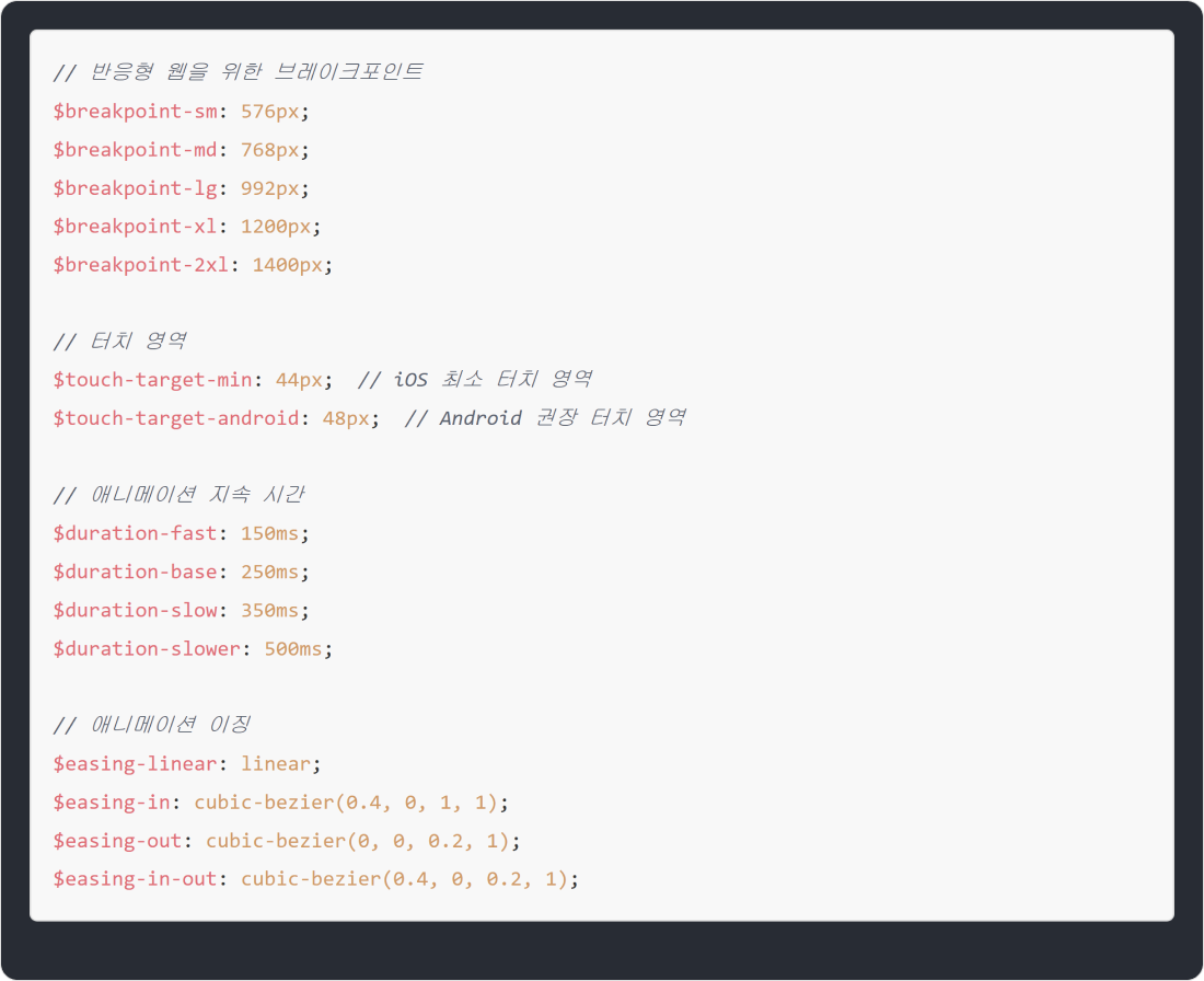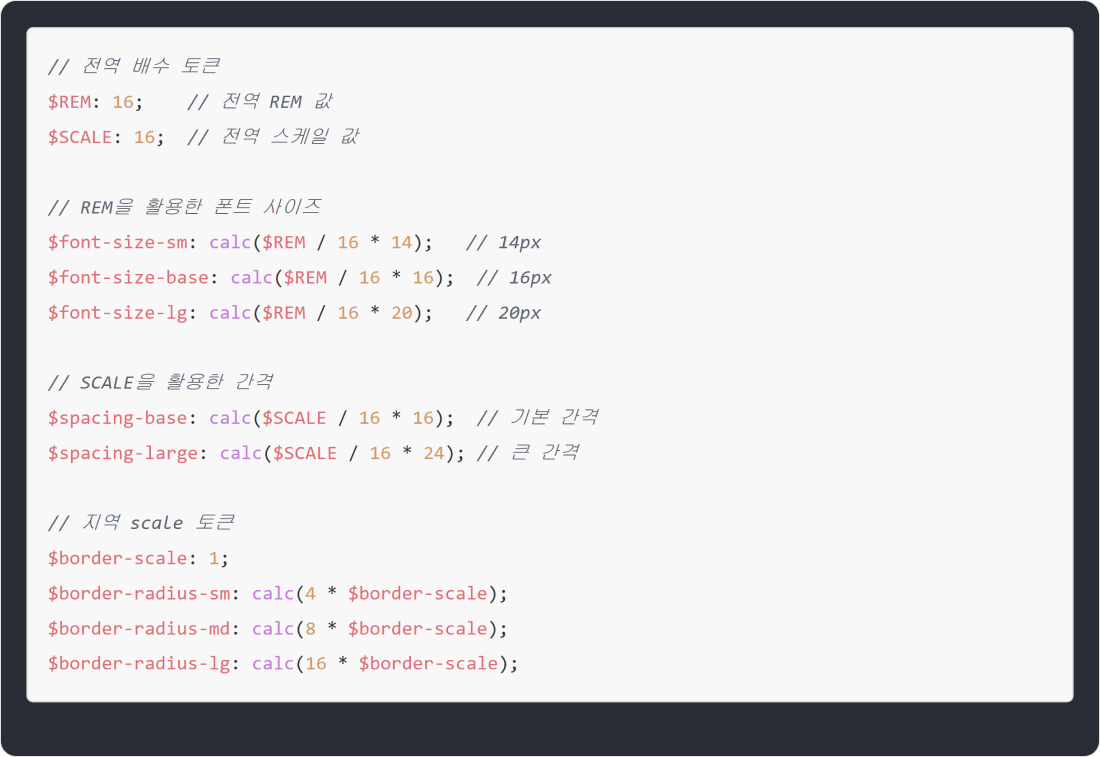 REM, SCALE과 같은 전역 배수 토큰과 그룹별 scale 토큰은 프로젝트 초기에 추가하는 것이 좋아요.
= = =
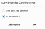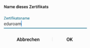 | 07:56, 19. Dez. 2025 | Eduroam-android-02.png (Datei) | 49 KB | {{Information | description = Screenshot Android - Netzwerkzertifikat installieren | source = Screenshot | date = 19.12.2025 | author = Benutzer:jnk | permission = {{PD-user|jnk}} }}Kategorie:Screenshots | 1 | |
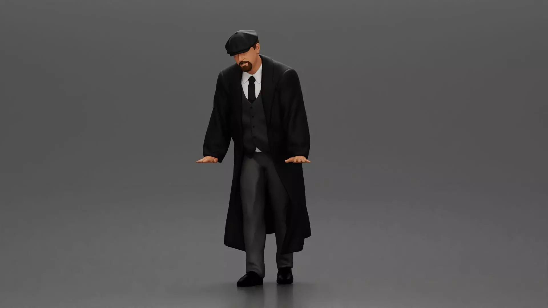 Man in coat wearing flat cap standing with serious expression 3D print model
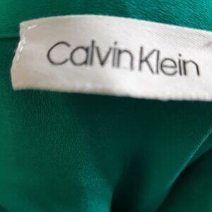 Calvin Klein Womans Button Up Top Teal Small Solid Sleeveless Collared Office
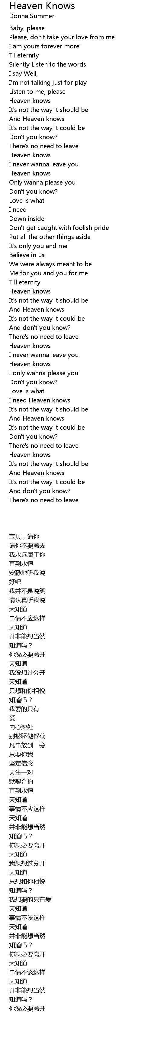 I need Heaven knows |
= = =
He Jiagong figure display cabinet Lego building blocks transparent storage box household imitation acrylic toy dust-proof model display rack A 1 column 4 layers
= = =
From the entries above, copy exactly the lines starting at the one with "07:56, 19. Dez." and stopping at the one with "I need Heaven knows |", keeping both ends. Drop the pictures.

» **Answer section**
 | 07:56, 19. Dez. 2025 | Eduroam-android-02.png (Datei) | 49 KB | {{Information | description = Screenshot Android - Netzwerkzertifikat installieren | source = Screenshot | date = 19.12.2025 | author = Benutzer:jnk | permission = {{PD-user|jnk}} }}Kategorie:Screenshots | 1 | |
 Man in coat wearing flat cap standing with serious expression 3D print model
 Calvin Klein Womans Button Up Top Teal Small Solid Sleeveless Collared Office
 I need Heaven knows |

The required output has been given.